This week we discussed the concept
of docufiction and watched an example of one in Abbas Kiarostami’s Close Up. The nature of this genre is an
interesting look into the very complexity of the medium of the documentary and
on a closer look, I find that it says more about documentaries then some actual
documentaries do.
Kiarostami set out to make the
movie after reading an article written by the journalist portrayed in the first
moments of the film. He was then given permission to film the court proceedings
of Hossain Sabzian, who was being accused of fraud in an attempt to impersonate
Mohsen Makhmalbaf.
This film is considered a classic
and a masterpiece of world cinema. I think it plays a very important look at
the inner workings of documentary as well as the complexity of truth itself.

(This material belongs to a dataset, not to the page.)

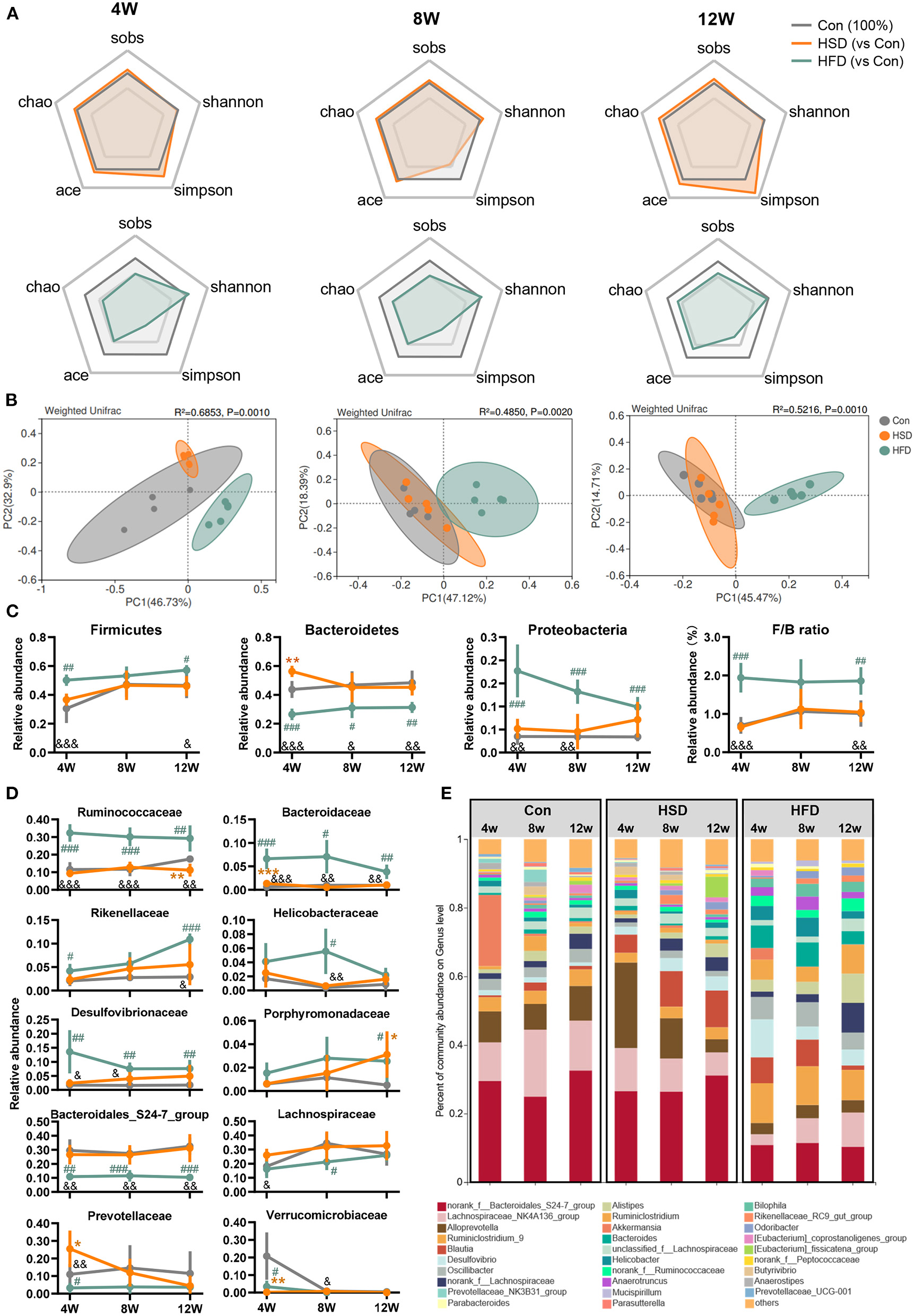 High-fat diet, but not high-sucrose intake resulted in dramatic alteration of gut microbiome. Fecal samples of Con, HSD, and HFD groups at three time points were analyzed with 16S rRNA gene sequencing. (A) The relative change in α diversity index, including Sobs, Chao, Ace, Simpson, and Shannon index, normalized with Con group (100%). (B) Weighted UniFrac based PCoA analysis among groups with permutational multivariate analysis of variance (PERMANOVA). (C) Relative abundance of bacteria at phylum level and Firmicutes/Bacteroidetes (F/B) ratio. (D) Relative abundance of top 10 abundant family. (E) Bacterial taxonomic profiling at genus level. Data are represented as the mean ± SEM. n = 4-5; *p < 0.05, **p < 0.01, ***p < 0.001 (HSD vs. Con); #p < 0.05, ##p < 0.01, ###p < 0.001 (HFD vs. Con); &p < 0.05, &&p < 0.01, &&&p < 0.001 (HFD vs. HSD).

In the film we see a man who is
impersonating another man, all the while the film is impersonating a
documentary. It has many scenes ripped straight out of reality while also
reconstructing past scenes, with people playing themselves. This to me is an
expert move in the central theme of artifice. I think the film shows truth by
obscuring it. The entire point is to lean back and think “wait a minute, was
that real?” and by doing that you do the same thing to the world beyond that. I
think documentary serves to have a point and build evidence around it. Is it
bad documentary making to include dramatizations? To have a title sequence? To put
the director in the event, therefore changing it? The nature of the documentary
is to use reality as your paintbrush, and I think Close Up does a really good job of this.
The style
of this film helps put ourselves in the place of Hossain and his fraud.
Watching this we are compelled to think that, just like him, we impersonate
every day, whether it be someone else or others reflection of ourselves. The
style of this film lends itself very clearly to that.